Иван внутренне наслаждался своими победами, но не подавал виду. Его способности высоко оценил инспектор Академии архимандрит Антоний (Храповицкий). Его влияние сыграло решающую роль в выборе Ивана, который он никак не решался сделать дотоле. Ни «штатское» богословие, ни иерейское служение не открывали достаточной перспективы для его дарований. Открывало оную лишь монашество, по стезе которого можно было подняться на высоту князей Церкви. До князей обычных деревенскому юноше дорасти не помогли бы никакие способности.

Значит, чтобы не зарыть талант в землю, но поставить его на пользу Церкви, нужно было пожертвовать ей всего себя. Так и поступил Иван, приняв монашество с именем Сергий.

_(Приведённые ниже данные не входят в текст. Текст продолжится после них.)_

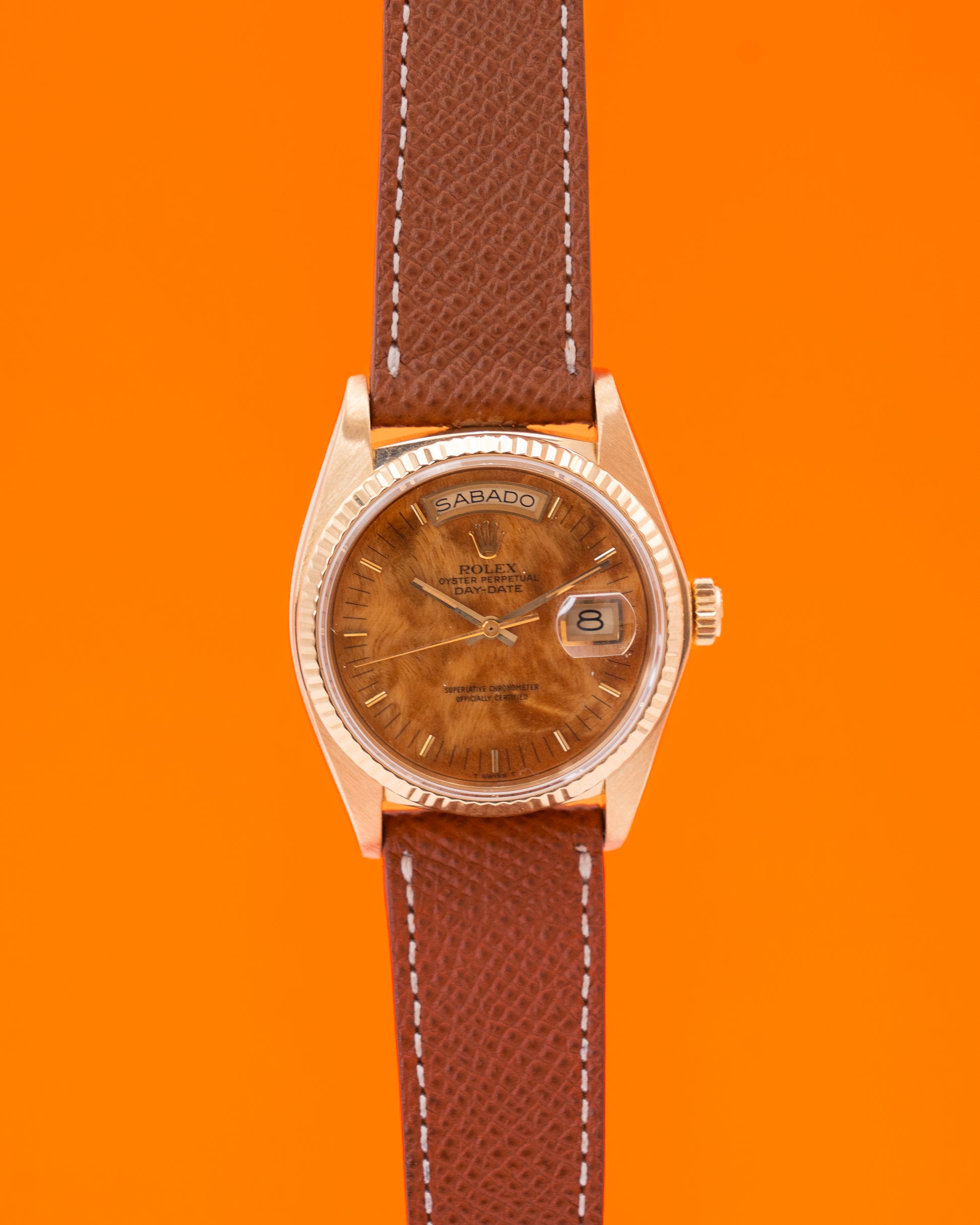 Rolex DayDate 36mm 18038 Yellow Gold Birch Wood Dial Spanish Day Wheel

После окончания Академии он был отправлен нести миссионерское служение в Японии. Сергий принял это назначение с энтузиазмом, будучи уверен в своём красноречии и умении убеждать людей, но тут подстерегло его разочарование. Оказалось, что побеждать игрой слов и знанием буквы собственных товарищей в уютных гостиных или аудиториях это совсем не то, что обращать ко Христу иные языцы, пробуждать в их сердцах божественный свет. Японцы остались глухи к его мудрым проповедям, и это немало потрясло Сергия. Оказалось, что для того, чтобы будить веру в человеческих душах, мало было знать букву и уметь мудро говорить. Нужно было что-то ещё Что-то, что было у его начальника архиепископа Николая (Касаткина), у епископа Алеутского Тихона (Белавина), у иеромонаха Андроника (Никольского), но не было у него, Сергия.

Подавленный и смущённый, он вернулся в Россию, зарекшись заниматься миссионерством, и стал преподавать в родной Академии, а несколько лет спустя сделался её ректором.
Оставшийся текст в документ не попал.